I will be away from D.C. on June 16, primary day. Since for the first time there will be ranked choice voting, it is possible we won’t know who wins until I get back on June 19. I hope everyone votes, and urge you to vote, as I already have, for Kenyan McDuffie for mayor. His main opponent, Janeese Lewis George, clearly doesn’t understand how D.C. government really works. She is trying to emulate NYC Mayor Mamdani with promises, but hers won’t happen. We don’t have a governor, and state legislature, to help. Our governor is in essence the felon in the White House, and our state legislature is the Congress. They won’t be helping. In addition, George has claimed the endorsement of an antisemitic organization, DSA, and is going to birthday parties for a guy who calls gay men like me ‘fags’ and says they shouldn’t be teaching his children in the public schools. The winners of the Democratic primary races will determine how D.C. moves forward. It really makes a difference.
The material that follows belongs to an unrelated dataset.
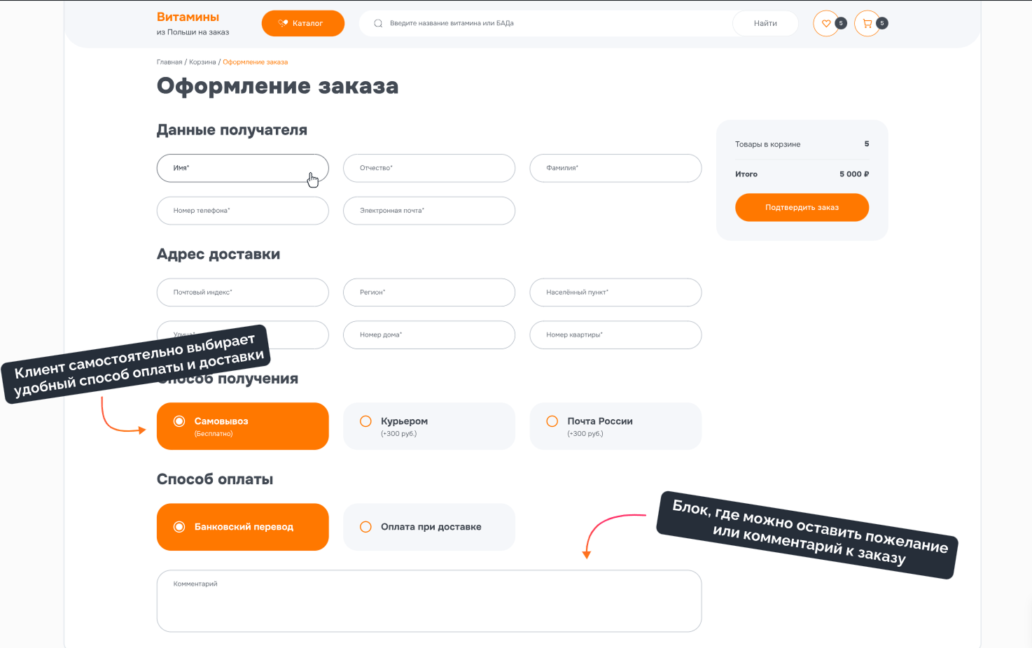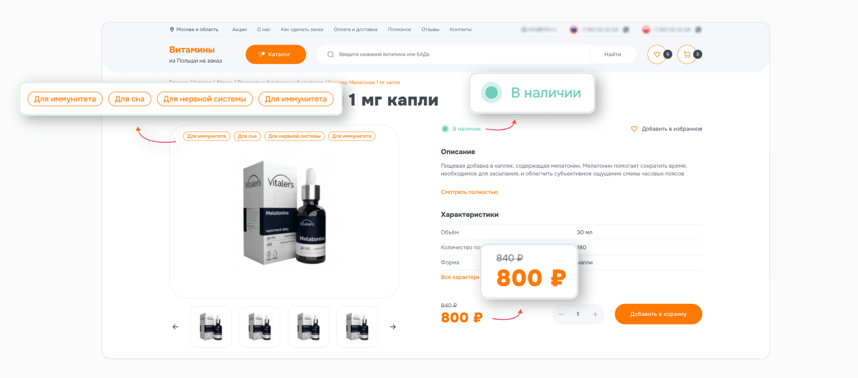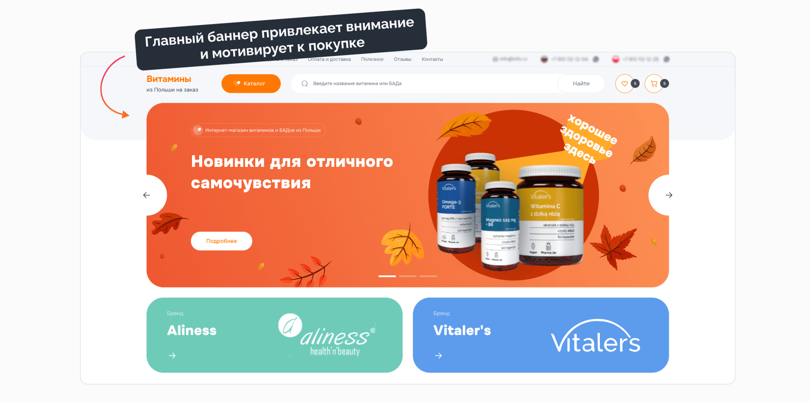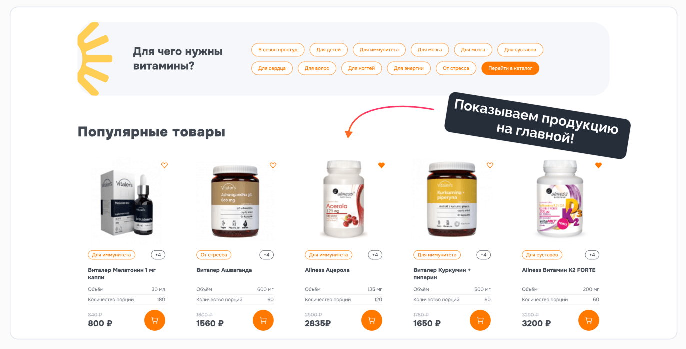 Наш клиент занимается поставками польских витаминов и БАДов на российский рынок. Для успешного продвижения продукции заказчику со временем потребовался интернет-магазин, и он обратился к нам за разработкой. С самого начала нас ждали несколько серьёзных вызовов:

The world is a different place today than it was just a short 18 months ago, when the felon began his second term. This is the first time I will be out of the country since he began this illegal war with Iran, plunging the world into chaos. I wonder what the reception for an American will be in Europe these days. I remember back when Ronald Reagan was first elected, which was the last time in my travels, before Trump, I felt compelled to apologize for my country. At that time people would actually come up to me and ask, what did America do, and why? Yet as bad as times seemed then, they were nowhere as bad as they are today. The felon in the White House has made life so much worse for people around the world. Europeans have seen him get on his knees to Putin, and screw Ukraine. Now with this illegal, and unnecessary, war in Iran, he is impacting their lives directly. Fuel prices are rising dramatically, and there is a drastic shortage of jet fuel, causing cuts in flights. They see him work hand-in-hand with the war criminal, Netanyahu, in Israel. They see how he simply wants to enrich himself with things like his ‘Board of Peace,’ and in the long run, screw the Palestinian people. It will be interesting to hear how Europeans feel about all this. I look forward to listening to them. All I can say in response is I didn’t vote for Trump and will continue to demonstrate, and write against him, as often as I can.
Putting politics aside, which is hard to do these days, I am excited about this new adventure, and look forward to sharing some of my experiences with you.
Peter Rosenstein is a longtime LGBTQ rights and Democratic Party activist.